Copper Metal and Nitric Acid
Many of the less metals (copper is one example) that do not react with hydrochloric acid will react with concentrated nitric acid. They do not produce hydrogen gas (as is the case when reactive metals such as zinc or aluminum react with hydrochloric acid) but react to produce brown nitrogen dioxide gas. The nitrogen dioxide results from reduction of the nitrate ion. This is considered to be a reduction because in the nitrate ion nitrogen has an oxidation state of +5 but in nitrogen dioxide it has an oxidation state of +4; the oxidation state of the nitrogen is therefore decreased or "reduced." We can represent this process with the half-reaction shown below.
2H+ + NO3- = NO2 + H2O
In turn, the solid copper is oxidized to copper(II), which
dissolves in the solution.

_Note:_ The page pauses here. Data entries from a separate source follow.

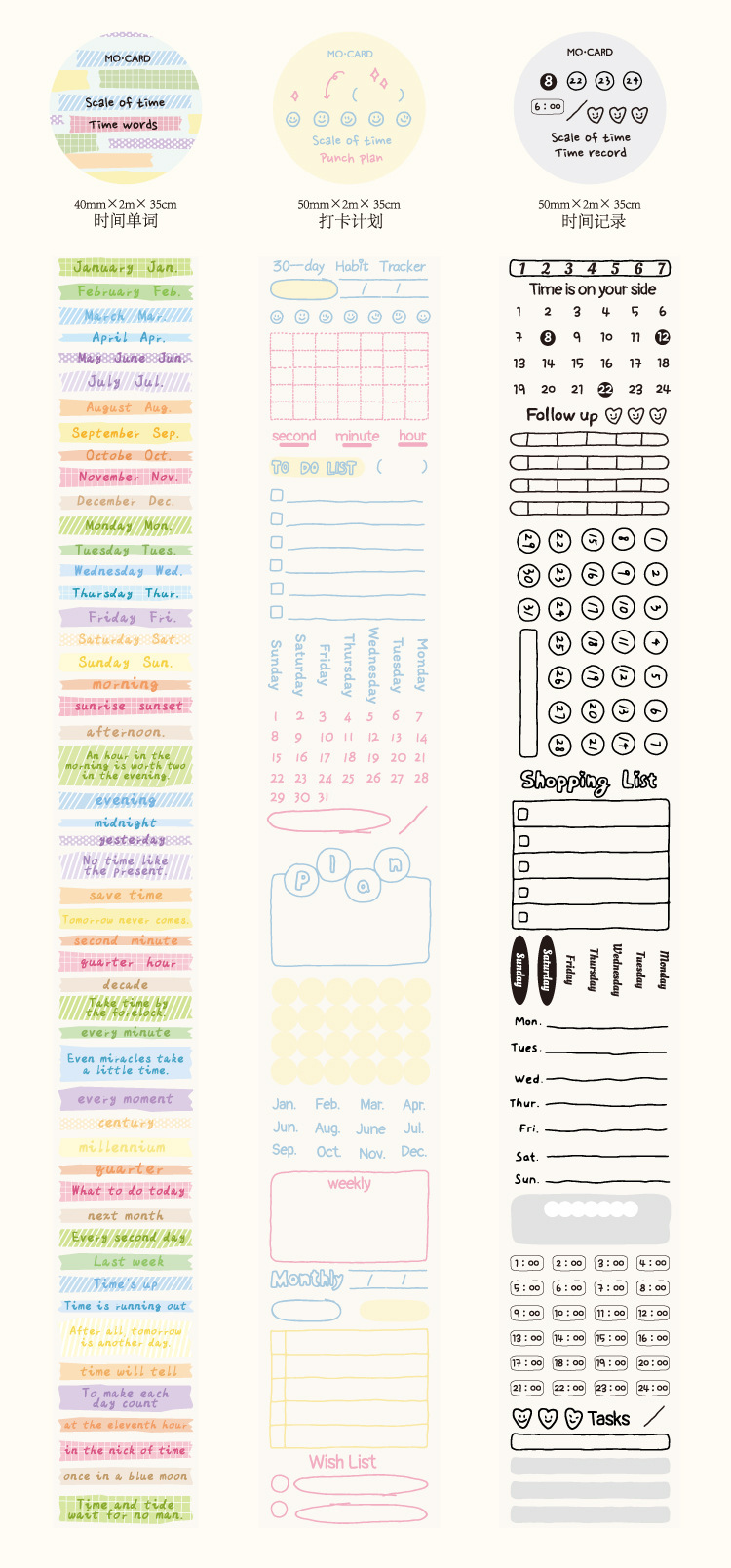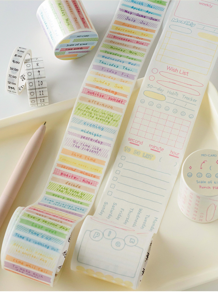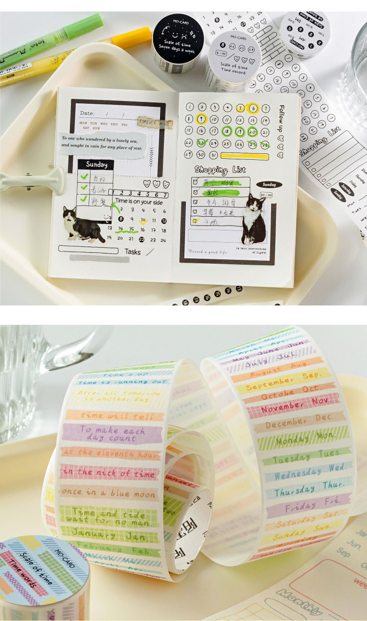 カフェ風 シール ステッカー マスキングテープ 時間 日付 スケジュール 10-15-30-40-50mm*2m
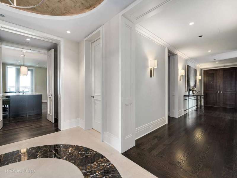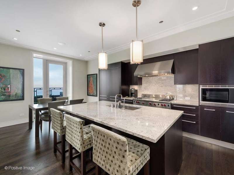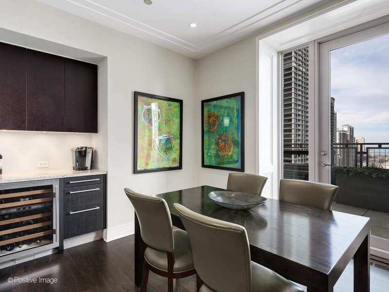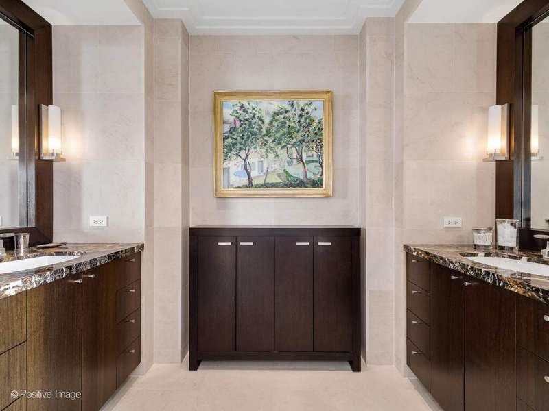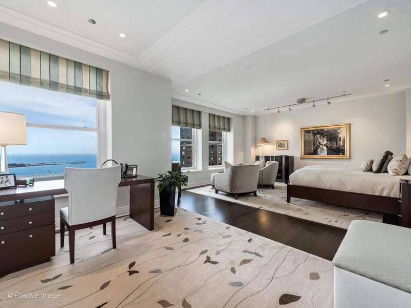 This exquisite, one-of-a-kind half-floor home at the iconic Palmolive offers luxurious living and is one of only five homes in the building with outdoor space. This phenomenal home boasts nearly 5,000 square feet of interior living space with an additional 1,600 square feet of magnificent terrace space with extraordinary city and lake views. The floorplan is exceptional and offers direct access to the terrace from the kitchen, living and dining room, as well as from the guest suite. Incredible design, detail and the highest quality finishes can be found throughout the home including gorgeous wide-plank oak flooring. Impressive double doors lead into the grand foyer. Beyond the foyer is an enormous, inviting living room and dining room/salon flanked by a dual-sided fireplace, and is perfect for entertaining and hosting dinners. Gorgeous original moldings and millwork are highlights of the space. The chef's kitchen is outfitted with Wolf, Miele, and Sub-Zero appliances, including a double oven and separate wine refrigerator. Additionally, the kitchen features amazing storage and a large eat-in area with direct access to the terrace, making it ideal for grilling. Wake to sensational views of the lake from the gracious primary suite that can accommodate a comfortable sitting area and desk. The spa-like marble primary bath features a deep soaking tub with picture window looking out at the lake above, a large walk-in shower, as well as dual vanities. Two additional ensuite bedrooms are perfect in size and offer generous closet space. An elegant study with built-ins and an adjacent custom built office area, a spacious laundry room with abundant storage, and a beautiful marble powder room complete this fabulous city home. The Palmolive provides exceptional services, including 24-hour door staff, onsite manager, concierge, and engineer, a fully equipped fitness center, a whirlpool and steam room, as well as the Beacon Club room for entertaining. The building has an onsite garage with valet parking and the right to two car parking is included. Enjoy everything the Gold Coast and Magnificent Mile has to offer including world class shopping and dining.
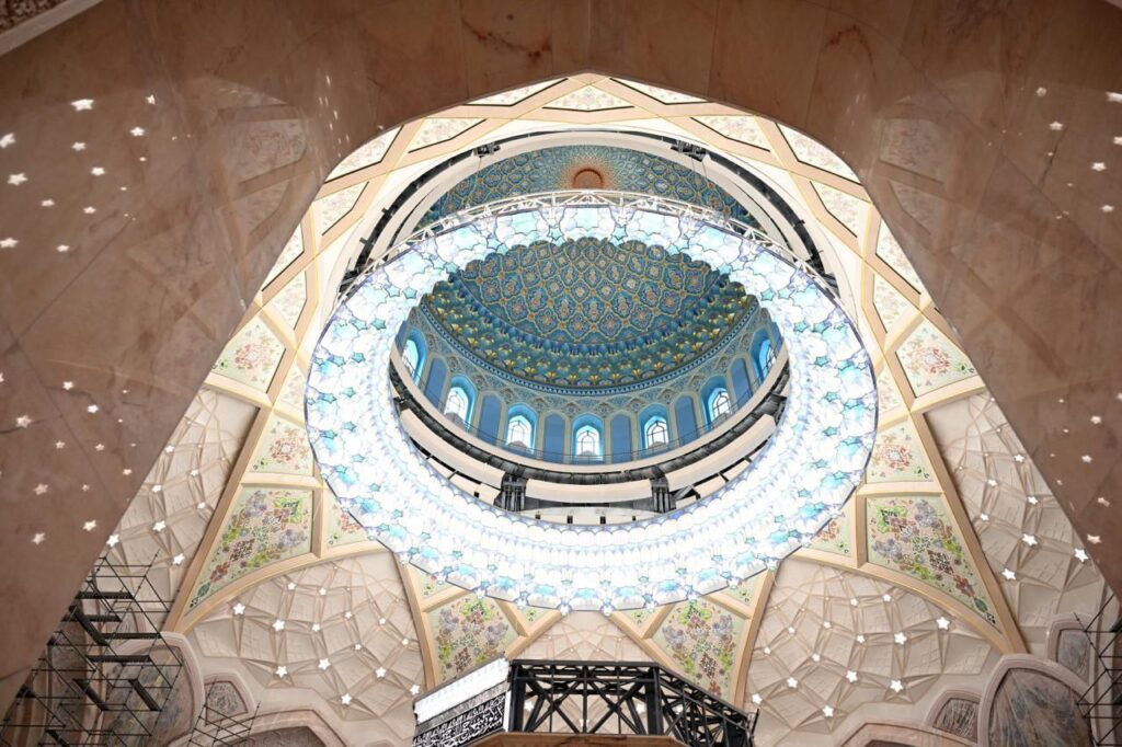 Комплекс объединяет древние архитектурные традиции и национальные декоративные элементы. С четырех сторон возвышаются порталы по 34 метра, а купол в центре достигает 65 метров.
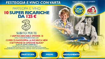 Dal 26 novembre al 9 dicembre 2012 una campagna a supporto della promozione 'Festeggia e Vinci con Varta' che vede coinvolta anche 3 Italia e che mette in palio, acquistando un blister di batterie alcaline della linea High Energy e delle ricaricabili Easy Line, lschede ricaricabili di “3” e consente di partecipare all'estrazione finale per vincere una delle 10 super ricariche telefoniche da 125 euro in palio.
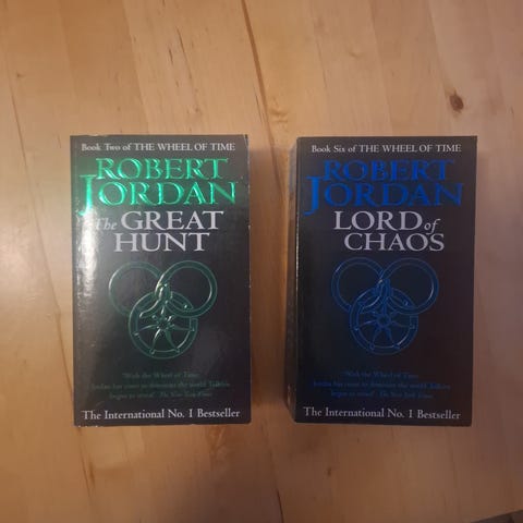 Bøkene er på engelsk og er pent brukt. De inngår i serien The Wheel of Time. Har bøkene 1, 2, 3 og 5.

We can represent this process with the hald-reaaction
Cu(s) = Cu2+(aq) + 2e-
Most students of chemsitry are familiar with the blue color of the copper(II) ion. However, copper is only blue when water moelecules are coordinated to it. In concentrated nitric acid, the nitrate ions are coordinated to the copper(II) ion, imparting a green color to the solution as the reaction proceeds. Finally, in the last portion of the video, the solution turns blue as water is added and the nitric acid is diluted.
|Copper metal is added to
concentrated nitric acid
|Evolution of brown nitrogen
dioxide gas begins
|Evolution of gas continues||Water is added; acid is diluted and
reaction is quenched
Hazards: concentrated nitric acid is extremely
corrosive and is a strong oxidizer; it should be handed with care. This
nitrogen dioxide gas generated by this reaction is hazardous. This reaction
should be performed only in a fully functional fume hood.